On the metalink I found the note: RMAN Hangs Using Tivoli TDP [ID 221212.1]
In this note Oracle writes about parameter called TDPO_NUM_BUFFERS.
In the IBM Redbook "Backing Up Oracle Using Tivoli Storage Management" is written:



Tivoli Data Protection for Oracle now includes an option to transfer Oracle 
data to the TSM server using multiple buffers to help alleviate network 
bottlenecks. 
This option specifies the number of buffers TDP for Oracle uses to support 
multi-buffering. By entering a value, multi buffering is activated.
We measured this options with runtimes of a full database backup with values 
of 2, 4, 8 and without this option.
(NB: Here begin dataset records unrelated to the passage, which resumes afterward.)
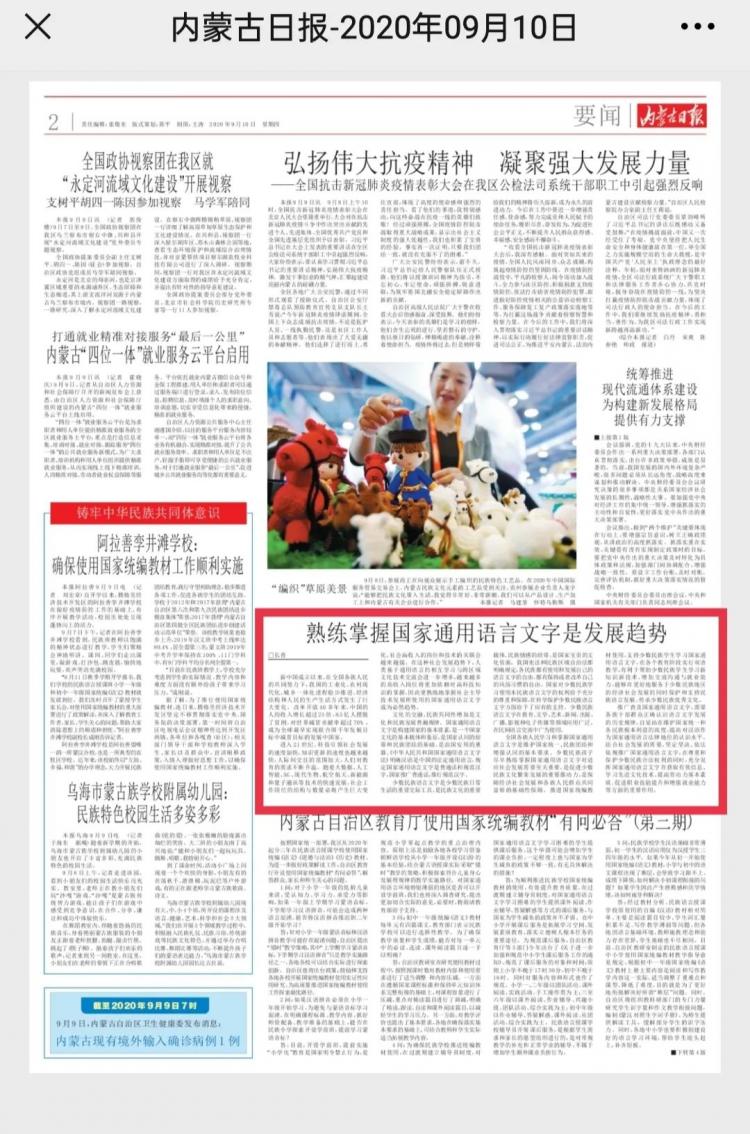 ·內(nèi)蒙古工業(yè)大學(xué)經(jīng)濟(jì)管理學(xué)院· 內(nèi)蒙古日?qǐng)?bào)-2020年09月10日 熟練掌握國(guó)家通用語(yǔ)言文字是發(fā)展趨勢(shì) 長(zhǎng)青 新中國(guó)成立以來(lái),在全國(guó)各族人民的共同努力下,我國(guó)的工業(yè)化、農(nóng)村現(xiàn)代化、城鄉(xiāng)一體化進(jìn)程...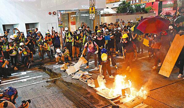 暴亂活動期間,不少身穿反光黃間背心的「記者」圍着警方拍攝。大公报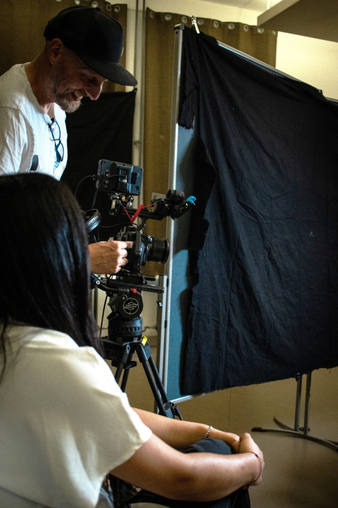 Since I will not see her face, I always have a fallback camera that I can cut to if something happens with the other one. And I was able to look. When I stay here, I won’t see her face. When I was here, I can hide her face behind this. There was a lot of planning of having a lot of camera angles to keep the movie, and the footage, interesting for the viewer because, in my opinion, if you cannot see the person’s face, it is so hard.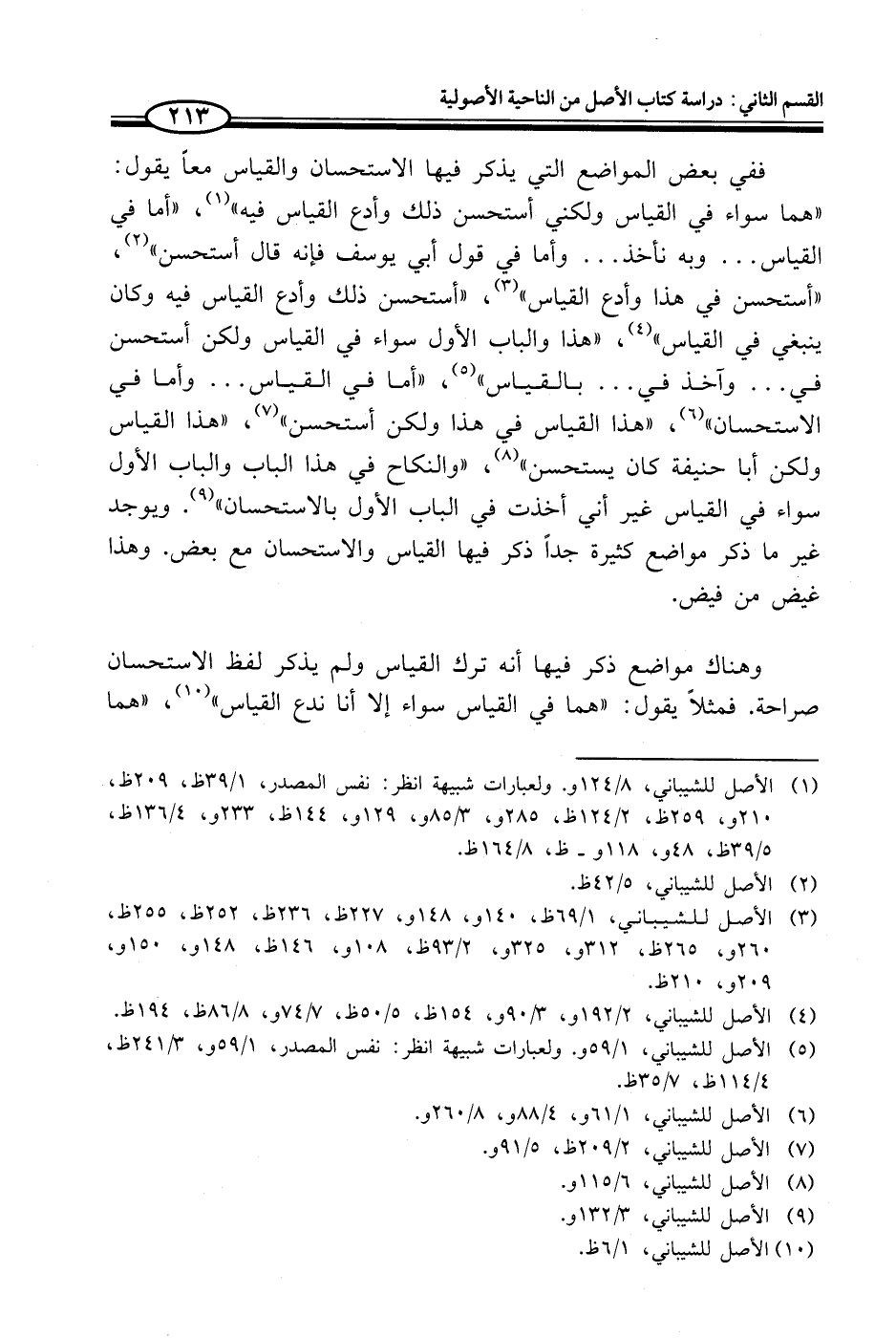 (¬1) الأصل للشيباني، 8/ 124 و. ولعبارات شبيهة انظر: نفس المصدر، 1/ 39 ظ، 209 ظ، 210 و، 259 ظ، 285 و، 2/ 124 ظ، 285 و، 3/ 85، 129 , 144 ظ, 233 و، 4/ 136 ظ، 5/ 39 ظ، 48 و، 118 و - ظ، 8/ 164 ظ.
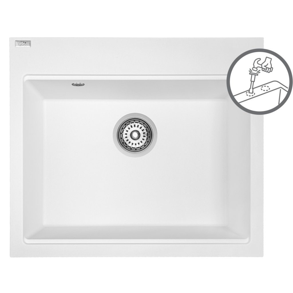 Model Tau je dodáván se třemi předvrtanými otvory pro montáž baterie a ostatních doplňků - otvor si můžete snadno vytvořit sami v jednom z připravených podfrézovaných míst podle vašich preferencí a rozvržení kuchyňské linky. Součástí balení je také odtoková výpusť s uzavíráním typu Click-Clack a sifon Space Saving, který šetří místo v kuchyňské skříňce.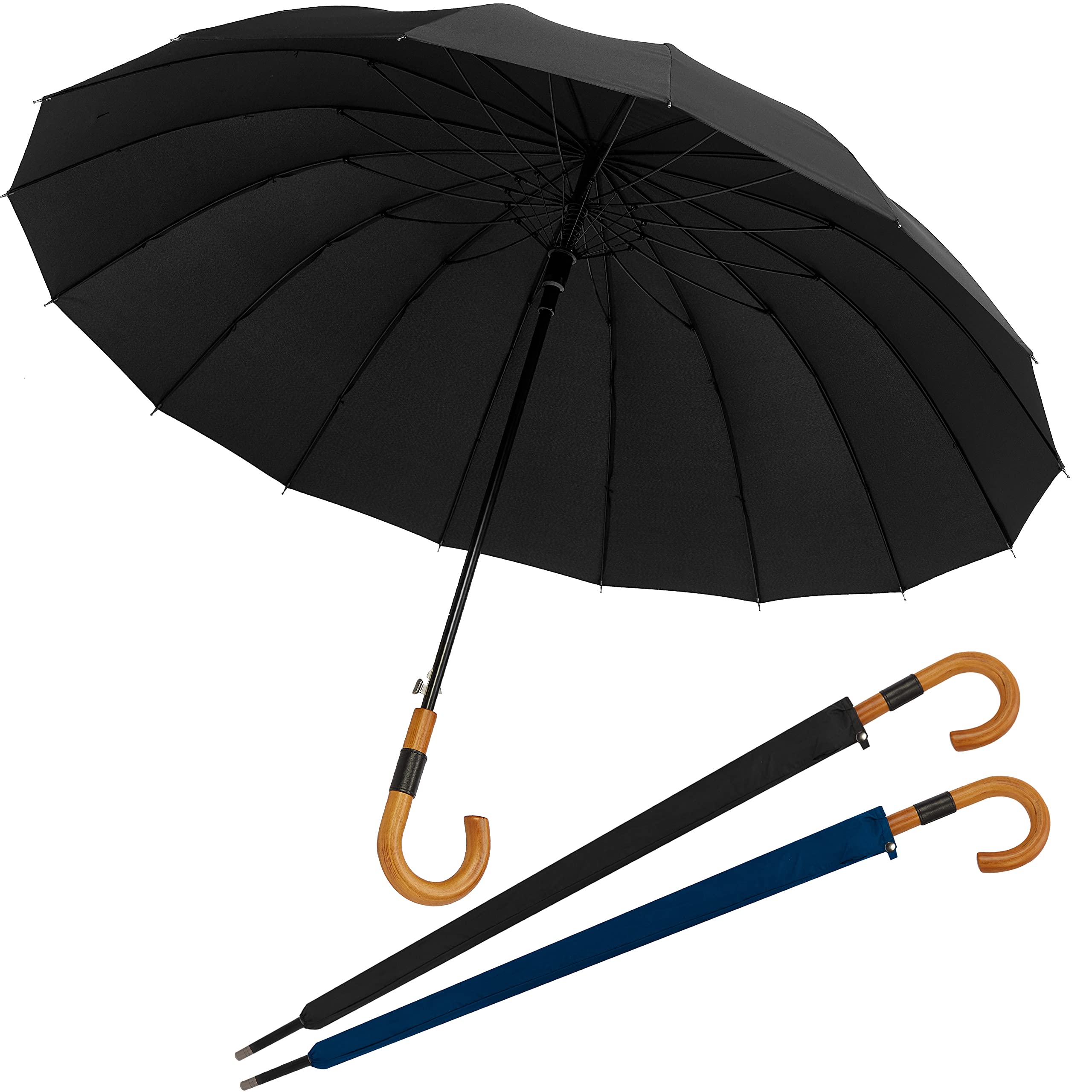 商品名:Aiyoupin メンズ 傘 16本骨 紳士傘 ジャンプ傘 大きいメンズ 長傘 ワンタッチ傘 丈夫 テフロン加工 撥水 耐風 梅雨対策 大きいレデイーズ長傘 大きいな16骨長傘収納ポーチ付き 紳士長傘 (16本骨, 黒い)
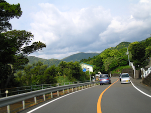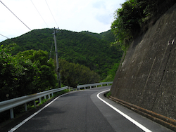 土佐清水市街までは前走車に続いてジリジリ走っていたが、市街地以後は単独走になった。 半島の右側は、集落を繋ぐ素朴で静かな道。時折現れる樹木に挟まれた緑の深い道が南国感を強調している。 |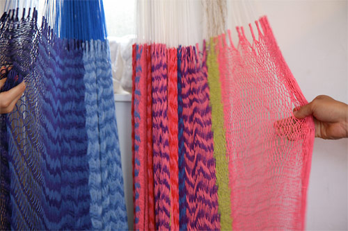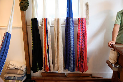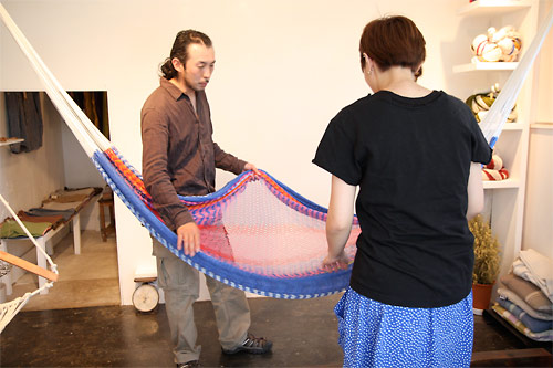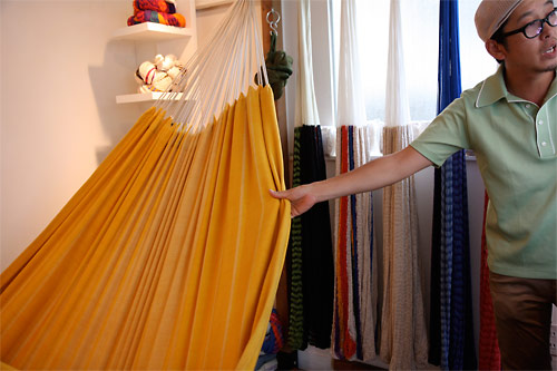 手織りだと織りがかたくなりすぎないから、 ハンモックにちょうどいい 肌ざわりの布になるんですね。 |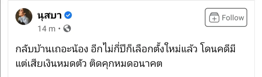 โดยนุสบา ได้ออกมาโพสต์ข้อความและระบุว่า “กลับบ้านเถอะค่ะน้องๆ กอดๆๆๆ อีกไม่กี่ปีก็เลือกตั้งใหม่แล้ว โดนคดีมีแต่เสียเงินหมดตัว ติดคุกหมดอนาคต”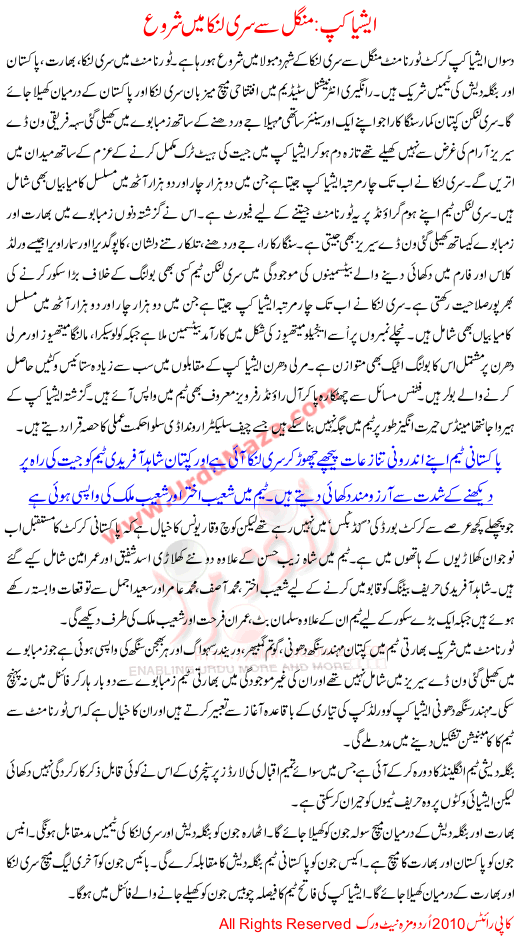 Asia Cup Mangal Sa Sirilanka Ma Start

We achieved the best results with only 2 
buffers.


I decided to test using different configurations: without specifying TDPO_NUM_BUFFERS and with values from 2 to 5.
I ran rman incremental level 0 backup on one tape channel.
These results are very interesting.


TDPO_NUM_BUFFERS1st time 2nd time 3rd time
not specified 18 min
16 sec
17 min
25 sec
17 min
30 sec
 2 6 min
36 sec
5 min
26 sec
5 min
46 sec
 3 4 min
45 sec
4 min
36 sec
4 min
35 sec
 4 5 min
45 sec
6 min
46 sec
5 min
5 sec
 5 6 min
56 sec
5 min
16 sec
5 min
5 sec


Time of the backup was decreased about 3 times. Nice improvement.